Retype the line where "写真:「みさと芝桜まつり」4月上旬～5月上旬" appears and each line that follows it down to the last line of the records below. Leave the pictures out.
########################################
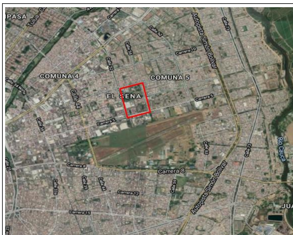
Fotografía 1. Ubicación General en la ciudad
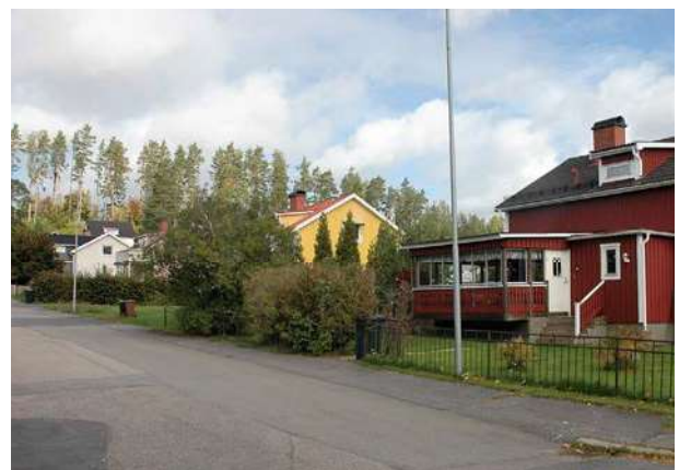
Egnahemshus med sadeltak, enkla detaljer och träfasader.
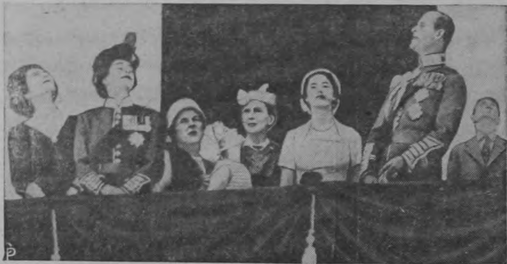
En el balcón del Palacio de Buckingham, en Londres, después de la pintoresca ceremonia del saludo a la bandera, la Reina Isabel II, se une a los otros miembros de la familia real para presenciar una exhibición de aviación que formó parte de las festividades con motivo de su 31 cumpleaños oficial. De izquierda a derecha: La Duquesa de Kent, la Reina Isabel II, una dama no identificada; la princesita Anne; la Duquesa de Gloucester; la Princesa Margarita; el Príncipe Felipe; el Príncipe Charles. El cumpleaños real fué el 21 de abril.
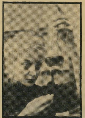
מאדאם קירי: דהיקומיורי שעה 9.20

● מארי קירי (9.20) אחרי שני פרקים אפשר לקרר בוע, כי סידרה זו היא מן הדי טובות שהוקרנו בטלוויזיה. הי סידרה שונה לחלוטין מהסרט מארי קירי שהופק לפני 35 שנה וזכה בהצלחה קופתית גדולה. במאי הסידרה, ג'ון גלניסטר, ביים באחרונה גירי
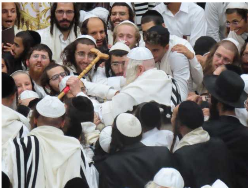
מורינו הרב במוצאי יום כיפור

לִילָה שְׁעָרְפָּה עֹזְבָה אֶת נַעְמֵי אֹז היא יִרְדָּה מִטָּה מִטָּה, אֹז היא נִפְגְּשָׁה עִם כָּלֵב וְהִסְתּוֹבְכָה עִם כָּלֵב, אֹז היא 'זִכְתָּה' לֵהְיוֹת בְּעֶצְמָה כָּלֵב.
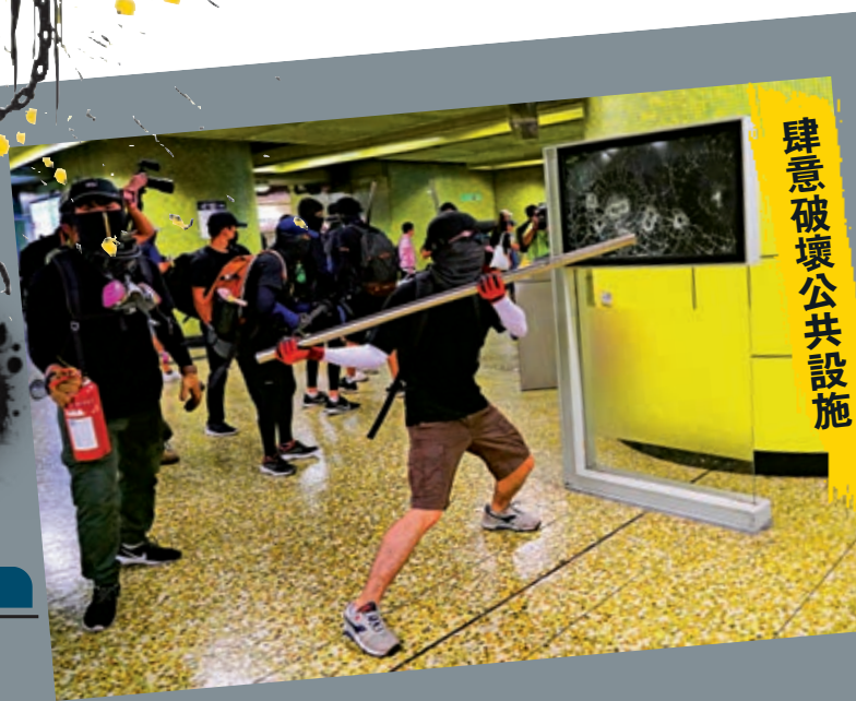
肆意破壞公共設施
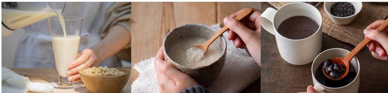
【左から】まるごと豆乳、甘酒、薬膳ホットスムージー（五黒ミックス）、黒豆茶
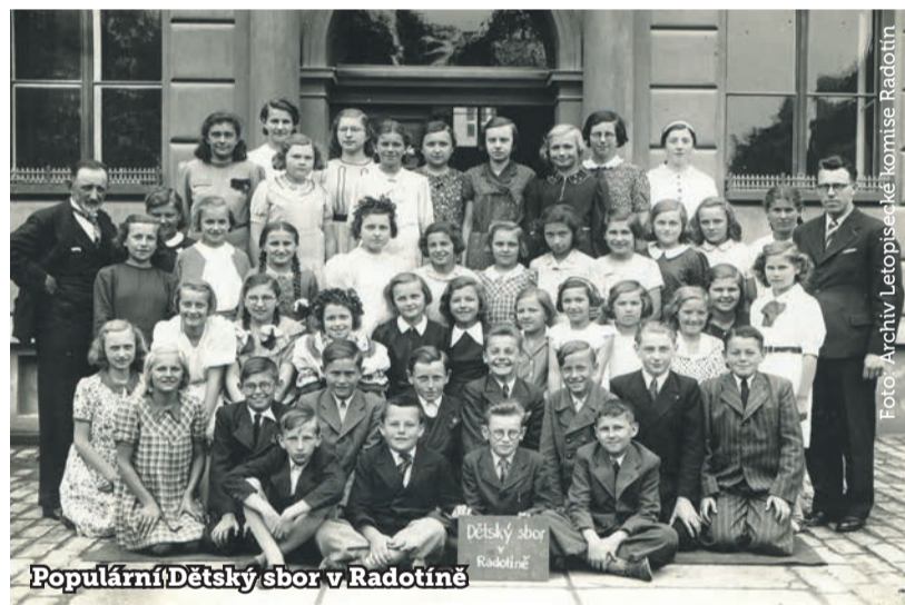
Populární Dětský sbor v Radotíně
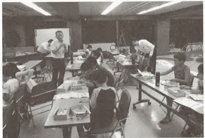
入門クラス 機体製作の様子
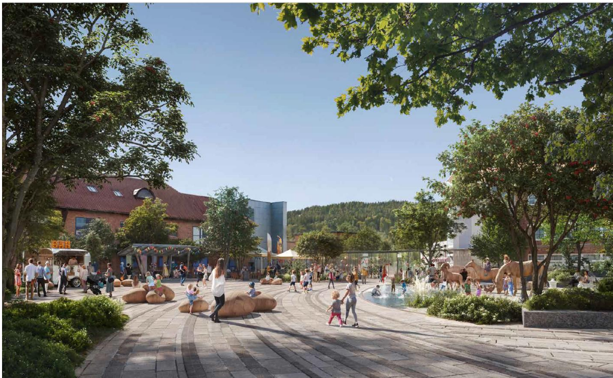
Illustrasjon av Gran Torg. III. Snøhetta.
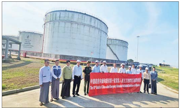
တရုတ်နိုင်ငံမှ လှူဒါန်းသည့် ဒီဇယ်ဆီ ၁၈,၀၀၀ တန် သီလဝါဆိပ်ကမ်းသို့ရောက်ရှိရာ လွှဲပြောင်းလက်ခံစဉ်။
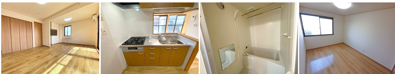
リビング 3口コンロ付きシステムキッチン ユニットバス その他部屋・スペース
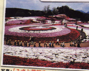
写真:「みさと芝桜まつり」4月上旬～5月上旬
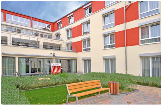
Unser im September 2013 eröffnetes Haus in Spandau

Das 2013 eröffnete Haus liegt direkt am alten Hafen Spandau und am Maselakepark. Es entspricht den neuesten Pflegestandards und bietet ein selbstbestimmtes Leben und Wohnen im Alter. Besonders sind unser Restaurant „Zur Seebrücke“ und die Terrassen mit wundervollem Ausblick. Ein parkähnlicher Garten bietet Ihnen die Gelegenheit zu erholsamen Spaziergängen mit Blick auf die Havel.
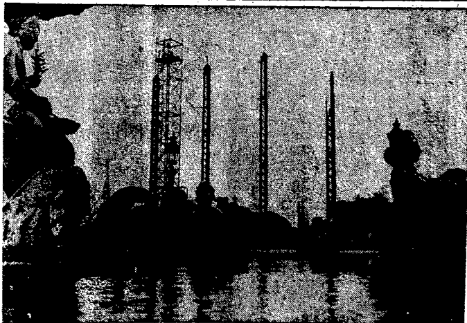
Przed otwarciem wystawy światowej w Paryżu.

Pieczywo powinno być ponad to — zgodnie z wymienionym rozporządzeniem — oznaczone nazwą mąki, z której zostało wytworzone, uwidoczniona na kartkach z firmą i adresem wytwórni. Jeżeli pieczywo wypiekane jest z mieszanin mąki żytniej i pszennej, to powinno być rów-
########################################
→ **Solution to this exercise**
写真:「みさと芝桜まつり」4月上旬～5月上旬
Unser im September 2013 eröffnetes Haus in Spandau

Das 2013 eröffnete Haus liegt direkt am alten Hafen Spandau und am Maselakepark. Es entspricht den neuesten Pflegestandards und bietet ein selbstbestimmtes Leben und Wohnen im Alter. Besonders sind unser Restaurant „Zur Seebrücke“ und die Terrassen mit wundervollem Ausblick. Ein parkähnlicher Garten bietet Ihnen die Gelegenheit zu erholsamen Spaziergängen mit Blick auf die Havel.
Przed otwarciem wystawy światowej w Paryżu.

Pieczywo powinno być ponad to — zgodnie z wymienionym rozporządzeniem — oznaczone nazwą mąki, z której zostało wytworzone, uwidoczniona na kartkach z firmą i adresem wytwórni. Jeżeli pieczywo wypiekane jest z mieszanin mąki żytniej i pszennej, to powinno być rów-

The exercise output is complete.